O cenário é a era digital onde todos têm guardada no bolso uma câmera com boa resolução à distância de um clique. Esta, conservada no nosso telemóvel, oferece conveniência, rapidez e uma qualidade cada vez melhor. Mesmo assim, resgatamos outras. Será esta mais uma prova de que estamos a cansar-nos da perfeição?
Apesar da ideia original associada às redes ser a de partilhar um mundo ideal e rotinas impecáveis filtradas por todo um pensamento e edição anterior, o futuro já começou a ser traçado: raw is the new black.

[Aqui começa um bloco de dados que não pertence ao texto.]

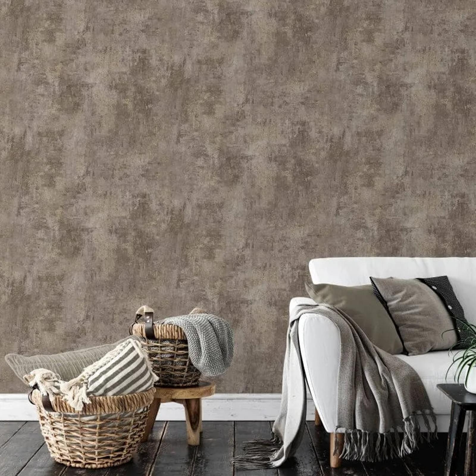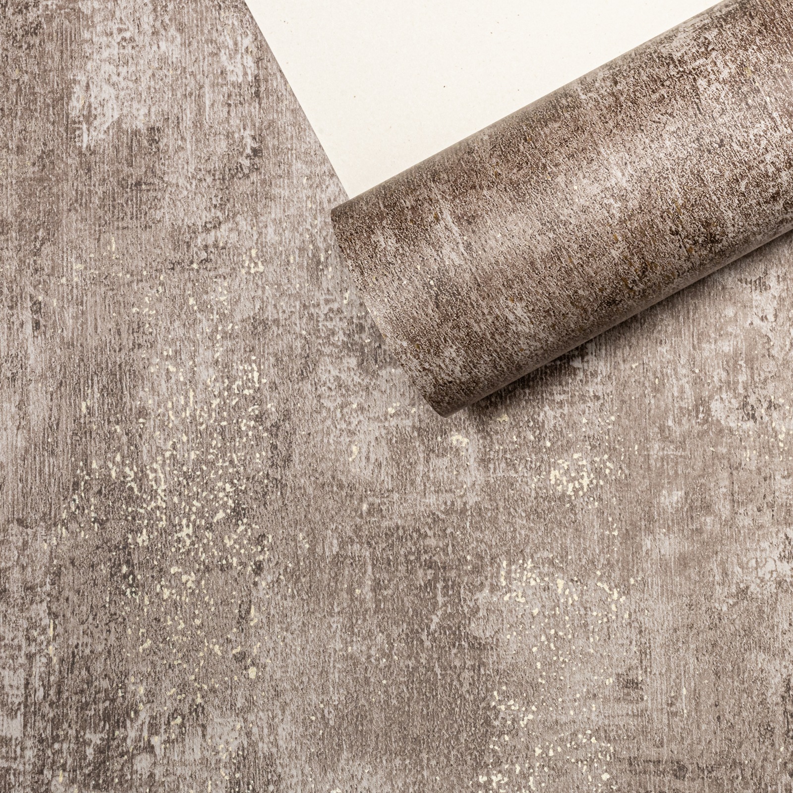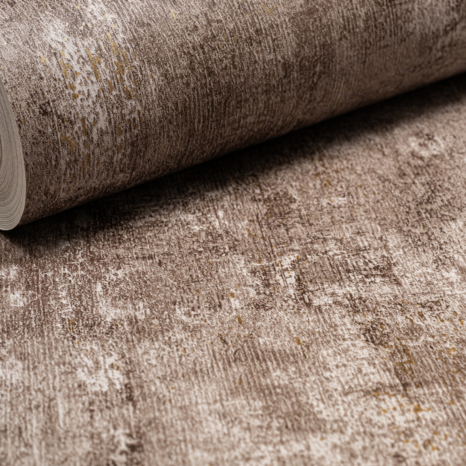 Cove Texture Chocolate Industrial Concrete Effect Wallpaper Gold Metallic Shimmer

Esta procura pelo genuíno e autêntico traduz-se no renascer do retro, que agora está por toda a parte. A imperfeição das câmeras, associadas ao facto das fotografias não serem imediatas sugere que se contrarie o natural rumo da sociedade e que se desacelere o tempo. Viver no off, tirar uma fotografia e só mais tarde transferi-la para a galeria alimenta o conceito de desligar e saber apreciar cada momento além-net.

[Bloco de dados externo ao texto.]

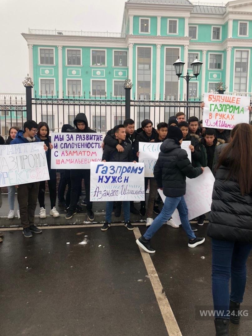 Фото 24-kg.com. Учащиеся и их родители вышли на митинг против смены директора школы «Газпром»
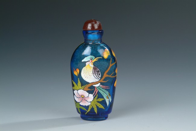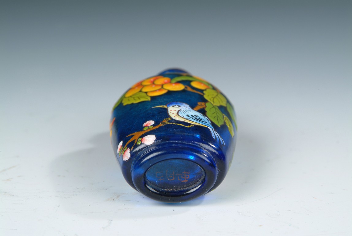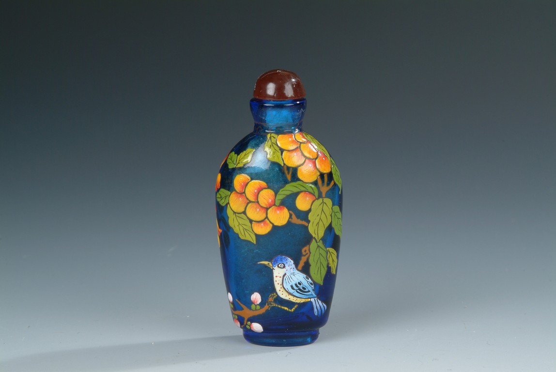 Of elongated cylindrical form, tapering down from shoulder to a round foot, body depicts two colorful bird perched on fruit and flower trees over blue colored glass, capped with brown color glass stopper. Missing spoon. 19th century.

O grande responsável por romantizar o movimento foi, naturalmente, o TikTok, que espalhou as sementes da trend e fez com que, de repente, florescessem os milhares de vídeos sobre este estilo fotográfico que culminou num fenómeno viral. Não é àtoa que, nos últimos anos, tenha sido residual a corrida às câmeras. Estranho seria, se num evento de influencers, não houvesse pelo menos uma
destas pousada na mesa. Uma tendência dotada de motivos para não merecer apagar-se.

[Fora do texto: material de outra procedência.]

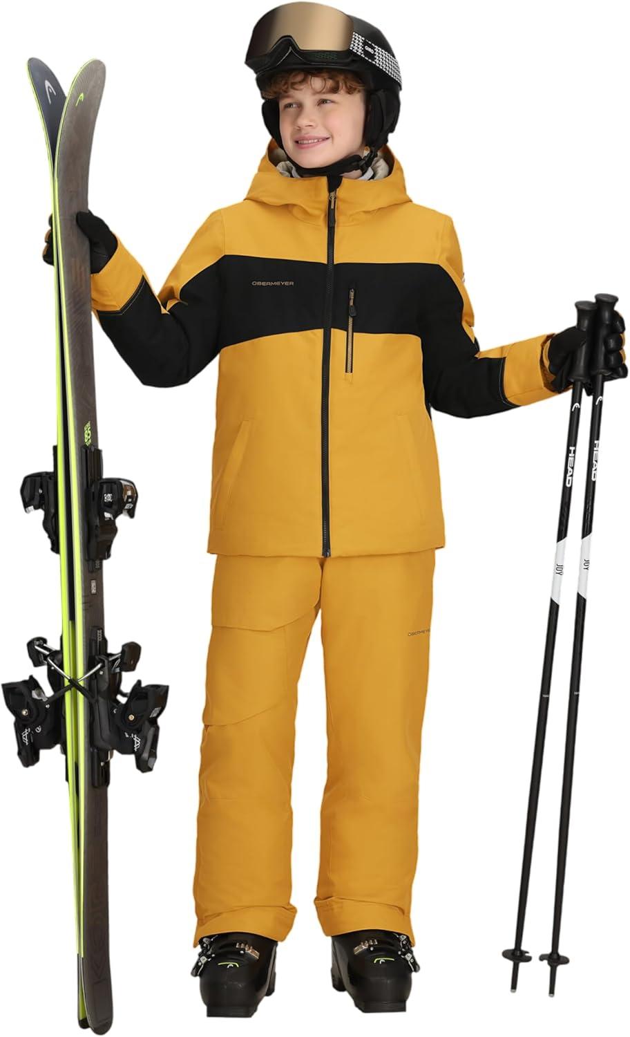 Meet the Obermeyer Kids Fleet Jacket: the ultimate sidekick for all your mountain adventures! With a playful style and all-mountain flair, this jacket keeps you warm and dry with its 10k/10k waterproof and breathability ratings. It's insulated for those extra-chilly days and comes packed with a snap-away powderskirt to keep snow out, plus a bunch of functional pockets for stashing your gear. Hit the slopes in style and have a blast! Full-Motion articulation.. Skier Critical seam sealing. Attached hood, fleece-lined collar, and long sleeves. Zippered front closure. Zippered chest pocket. Zippered handwarmer pockets. Snap-Away powderskirt. Fleece inner cuffs. Interior windguard. Interior pocket(s). Goggle cloth. Straight hem. YKK zipper(s). 100% polyester. Machine washable. Imported.

Num espaço temporal em que reinam as atualizações constantes, posts no feed que captam uns meros segundos da nossa atenção e stories que desaparecem em 24 horas, o reborn deste hábito de ter uma máquina fotográfica representa história, nostalgia e intenção. Não é só sobre a estética vintage ser cool e trendy, é também sobre o espelhar de um desejo profundo de escapar ao tóxico vendaval do imediatismo, da pressa e do que é superficial. A tendência é ser mais, sentir mais, viver mais. Tratar a memória como uma querida amiga e dar-lhe tempo para que se forme em nós e não apenas num disco rígido.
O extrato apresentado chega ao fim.